Optical Context MCP
Feed long OCR-heavy PDFs to vision-capable agents by compressing pages into dense packed images that fit context windows.
Overview
Optical Context MCP is a MCP server for the Build phase that compresses OCR-heavy PDFs into dense packed images so agents can work with long visual documents.
What is this MCP server?
- Optical Context MCP v0.1.4 distributed via PyPI package optical-context-mcp
- Transforms OCR-heavy PDFs into dense packed images for long visual documents
- stdio MCP transport for local agent hosts
- Bridges scanned manuals, filings, and spec PDFs that blow text-only token budgets
- Open-source repo on GitHub for ChrBoebel/optical-context-mcp
- Server version 0.1.4 on PyPI identifier optical-context-mcp
- Repository: github.com/ChrBoebel/optical-context-mcp
Community signal: 1 GitHub stars.
What problem does it solve?
Huge scanned PDFs either truncate in the context window or cost a fortune when you OCR them page by page in chat.
Who is it for?
Builders creating document-QA or review agents over scanned specs, contracts, or manuals in Claude Code or Cursor.

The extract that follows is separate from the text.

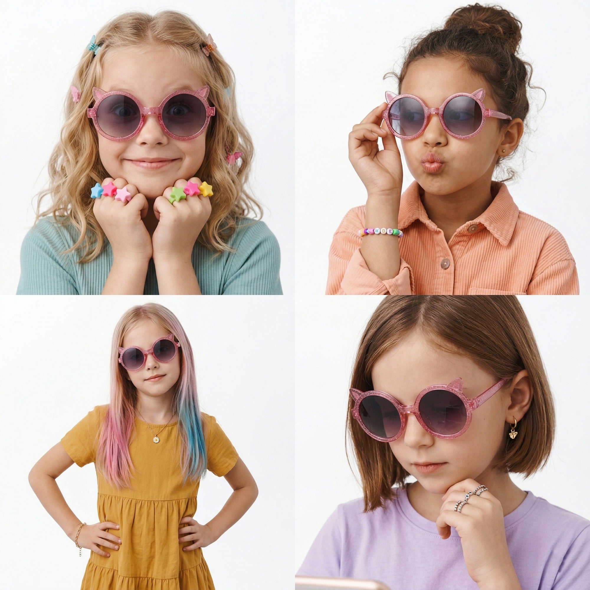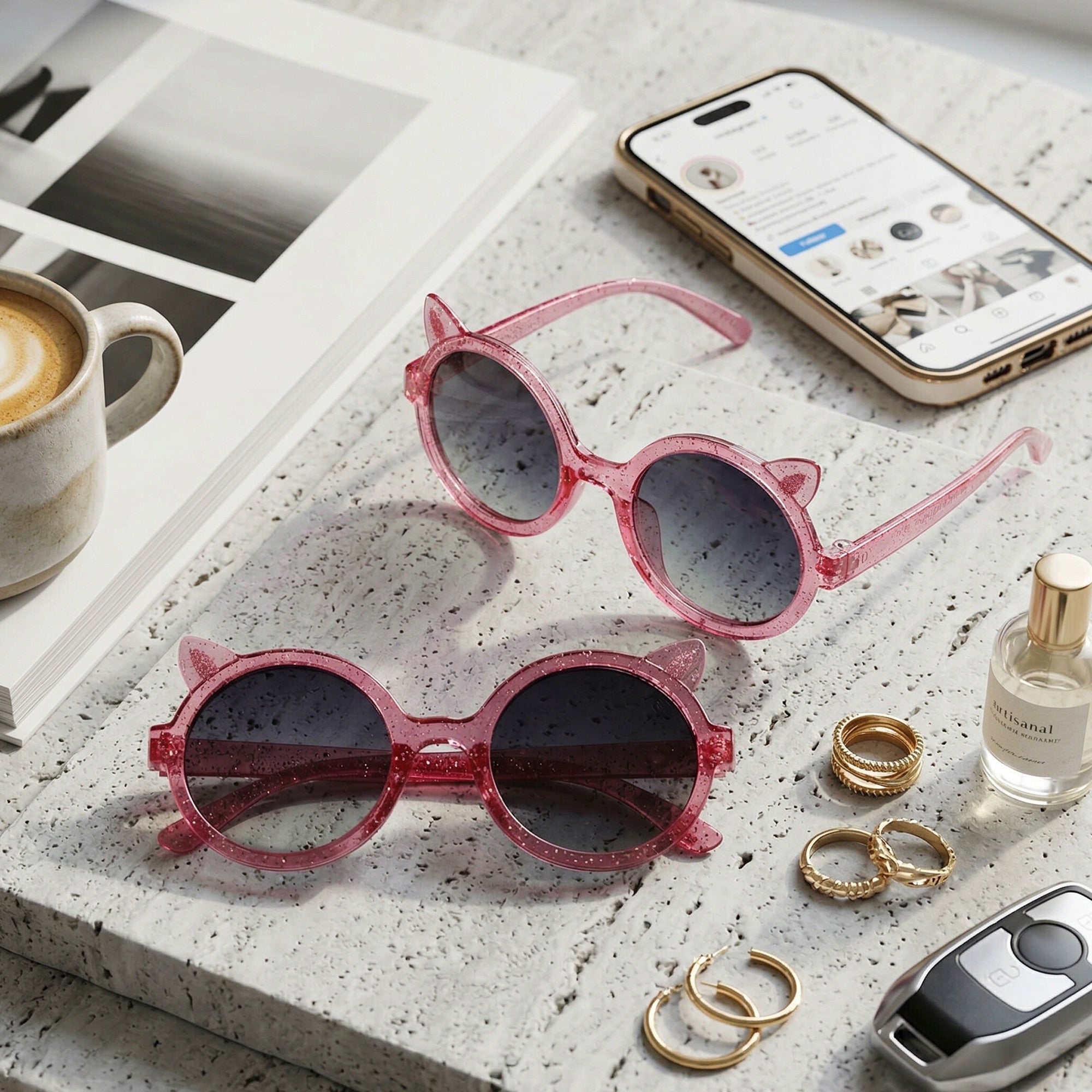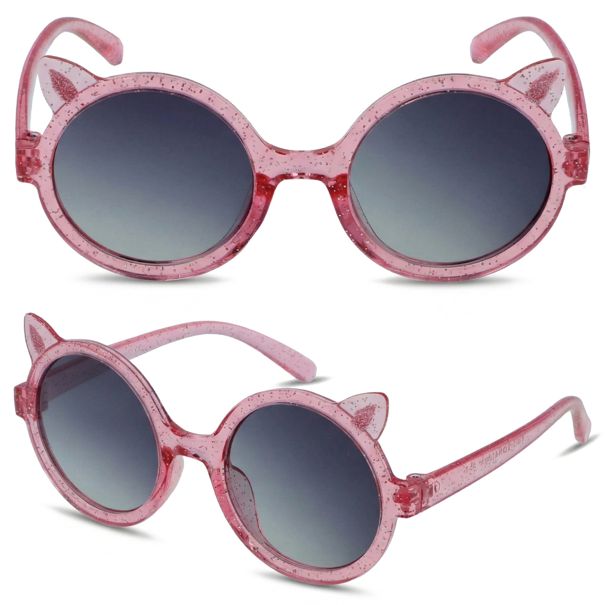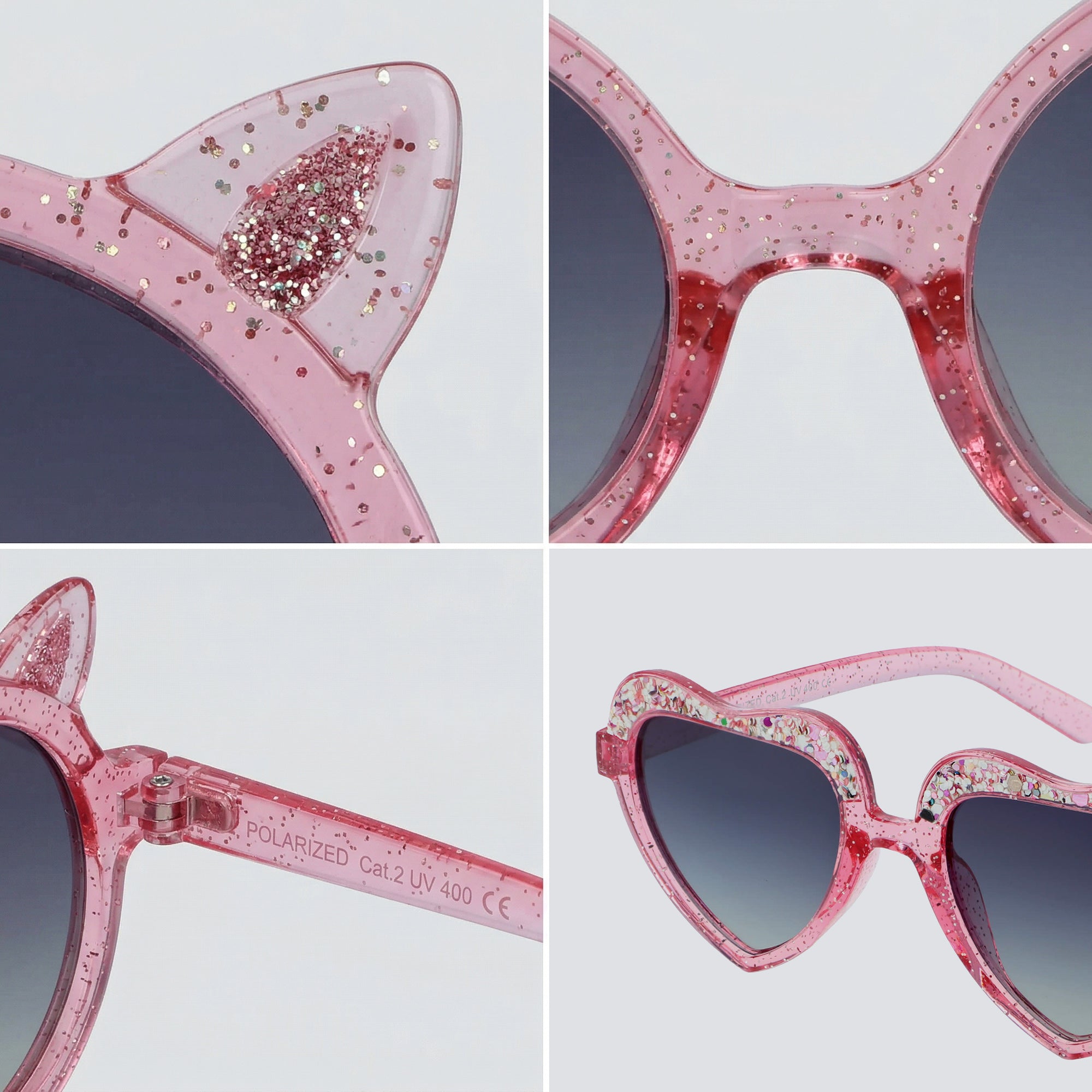 Okulary Sunny Smile to stylowe okulary przeciwsłoneczne dla dziewczynek, z różowymi pełnymi oprawkami z plastiku i okrągłym kształtem. Czarne soczewki polaryzacyjne z filtrem UV-400 (kat. 2, 57–82%) zapewniają skuteczną ochronę przed słońcem oraz komfort widzenia podczas aktywności na świeżym powietrzu. Model posiada stałe noski i nieelastyczne zauszniki, a bezpieczeństwo użytkowania potwierdza certyfikat CE.
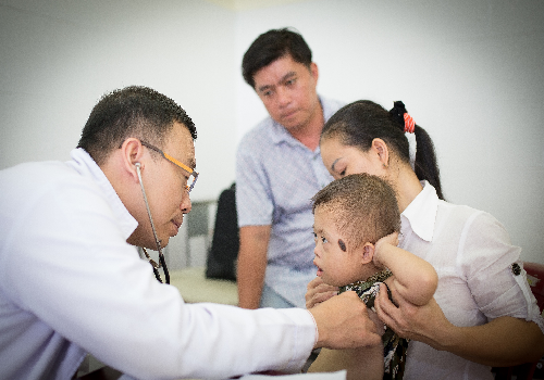 Trong chương trình, các bé sẽ được bác sĩ khám lâm sàng và siêu âm tim. Những trường hợp có chỉ định phẫu thuật hoặc can thiệp tim mạch sẽ được đưa về Trung tâm Tim mạch - Bệnh viện Đại học Y dược TP.HCM để theo dõi và điều trị.

Skip if: Simple text-native PDFs that extract cleanly with a plain text parser, or workflows with no vision-capable model.
What do I get? / Deliverables
After install, your agent can request packed optical views of long PDFs and analyze full documents within vision-model limits.
- Packed image representations of OCR-heavy PDFs via MCP tools
- Agent sessions that retain full-document visual context within limits
- Less manual chunking when building document analysis features
Recommended MCP Servers
Journey fit
Optical context tooling lands in Build when you are wiring document-heavy workflows into your agent stack. Packing PDFs for multimodal models is agent-tooling: it changes how the agent ingests evidence, not how you ship marketing.
How it compares
MCP document packing for vision models, not a generic PDF-to-markdown converter skill.
Common Questions / FAQ
Who is Optical Context MCP for?
Solo developers building agent workflows over long scanned or OCR-heavy PDFs who need vision-friendly context packing.
When should I use Optical Context MCP?
Use it during build when integrating multimodal agents that must read entire visual documents without exceeding context limits.
How do I add Optical Context MCP to my agent?
Install optical-context-mcp from PyPI, configure a stdio MCP server entry in your host, and expose the packing tools to your agent session.